=== TASK OBJECTIVE ===
The whole listing needs retyping exactly; keep the pictures out of it.

=== SUPPLIED RECORDS ===
--

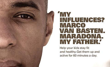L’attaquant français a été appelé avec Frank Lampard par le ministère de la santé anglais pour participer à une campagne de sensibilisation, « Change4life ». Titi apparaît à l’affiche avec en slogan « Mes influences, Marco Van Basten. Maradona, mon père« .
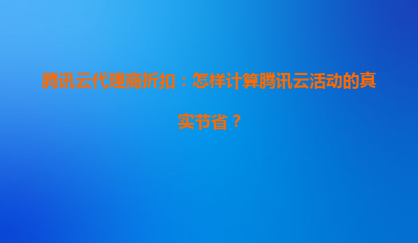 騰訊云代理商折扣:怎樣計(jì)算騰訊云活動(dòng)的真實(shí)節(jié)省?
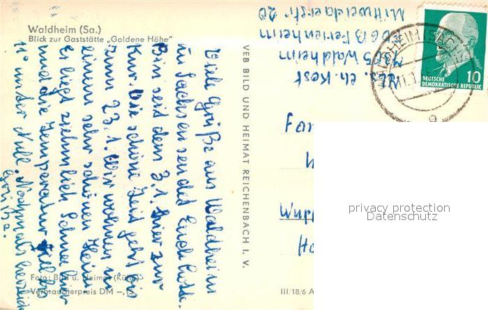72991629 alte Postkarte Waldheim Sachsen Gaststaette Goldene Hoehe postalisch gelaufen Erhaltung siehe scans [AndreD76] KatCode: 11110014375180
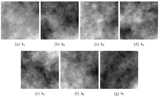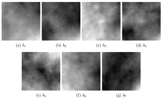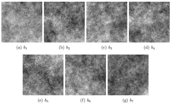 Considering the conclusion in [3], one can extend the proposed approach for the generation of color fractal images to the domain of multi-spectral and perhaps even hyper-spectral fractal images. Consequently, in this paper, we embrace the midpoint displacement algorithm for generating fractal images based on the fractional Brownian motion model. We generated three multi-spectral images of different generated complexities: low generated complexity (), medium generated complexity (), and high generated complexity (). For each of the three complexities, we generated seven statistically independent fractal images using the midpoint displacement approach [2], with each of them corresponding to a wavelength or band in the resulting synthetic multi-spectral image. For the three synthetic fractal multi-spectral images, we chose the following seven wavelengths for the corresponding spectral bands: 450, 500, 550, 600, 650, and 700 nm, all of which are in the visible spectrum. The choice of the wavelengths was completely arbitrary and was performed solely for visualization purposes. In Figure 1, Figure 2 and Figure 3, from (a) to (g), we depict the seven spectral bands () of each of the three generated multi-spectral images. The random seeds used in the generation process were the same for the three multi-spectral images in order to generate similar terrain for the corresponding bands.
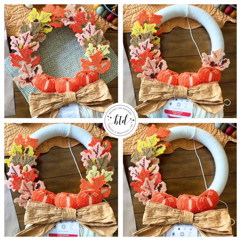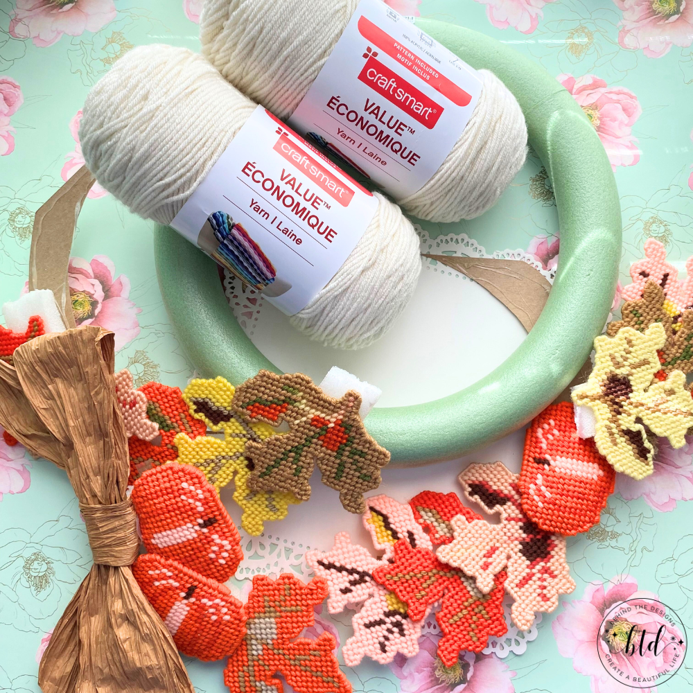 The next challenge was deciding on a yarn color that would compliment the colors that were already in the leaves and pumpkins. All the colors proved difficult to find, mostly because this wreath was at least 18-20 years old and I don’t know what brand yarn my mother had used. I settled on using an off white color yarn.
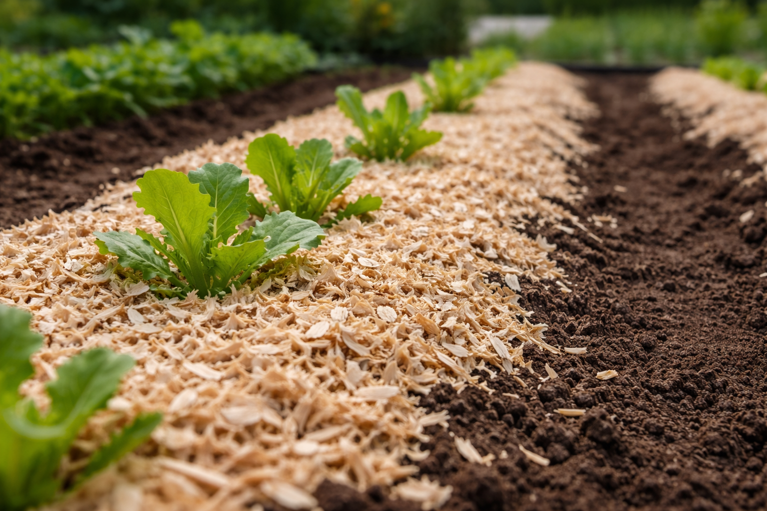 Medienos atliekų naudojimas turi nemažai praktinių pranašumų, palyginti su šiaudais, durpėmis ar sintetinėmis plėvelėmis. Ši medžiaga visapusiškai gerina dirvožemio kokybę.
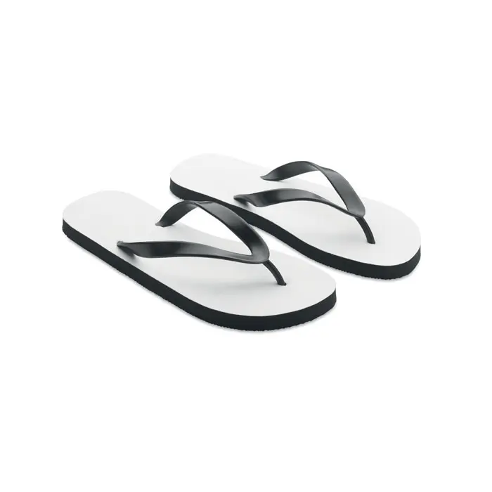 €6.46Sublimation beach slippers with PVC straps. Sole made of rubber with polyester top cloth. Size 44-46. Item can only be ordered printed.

--

=== ANSWER TO THE PROBLEM ===
L’attaquant français a été appelé avec Frank Lampard par le ministère de la santé anglais pour participer à une campagne de sensibilisation, « Change4life ». Titi apparaît à l’affiche avec en slogan « Mes influences, Marco Van Basten. Maradona, mon père« .
 騰訊云代理商折扣:怎樣計(jì)算騰訊云活動(dòng)的真實(shí)節(jié)省?
72991629 alte Postkarte Waldheim Sachsen Gaststaette Goldene Hoehe postalisch gelaufen Erhaltung siehe scans [AndreD76] KatCode: 11110014375180
 Considering the conclusion in [3], one can extend the proposed approach for the generation of color fractal images to the domain of multi-spectral and perhaps even hyper-spectral fractal images. Consequently, in this paper, we embrace the midpoint displacement algorithm for generating fractal images based on the fractional Brownian motion model. We generated three multi-spectral images of different generated complexities: low generated complexity (), medium generated complexity (), and high generated complexity (). For each of the three complexities, we generated seven statistically independent fractal images using the midpoint displacement approach [2], with each of them corresponding to a wavelength or band in the resulting synthetic multi-spectral image. For the three synthetic fractal multi-spectral images, we chose the following seven wavelengths for the corresponding spectral bands: 450, 500, 550, 600, 650, and 700 nm, all of which are in the visible spectrum. The choice of the wavelengths was completely arbitrary and was performed solely for visualization purposes. In Figure 1, Figure 2 and Figure 3, from (a) to (g), we depict the seven spectral bands () of each of the three generated multi-spectral images. The random seeds used in the generation process were the same for the three multi-spectral images in order to generate similar terrain for the corresponding bands.
 The next challenge was deciding on a yarn color that would compliment the colors that were already in the leaves and pumpkins. All the colors proved difficult to find, mostly because this wreath was at least 18-20 years old and I don’t know what brand yarn my mother had used. I settled on using an off white color yarn.
 Medienos atliekų naudojimas turi nemažai praktinių pranašumų, palyginti su šiaudais, durpėmis ar sintetinėmis plėvelėmis. Ši medžiaga visapusiškai gerina dirvožemio kokybę.
 €6.46Sublimation beach slippers with PVC straps. Sole made of rubber with polyester top cloth. Size 44-46. Item can only be ordered printed.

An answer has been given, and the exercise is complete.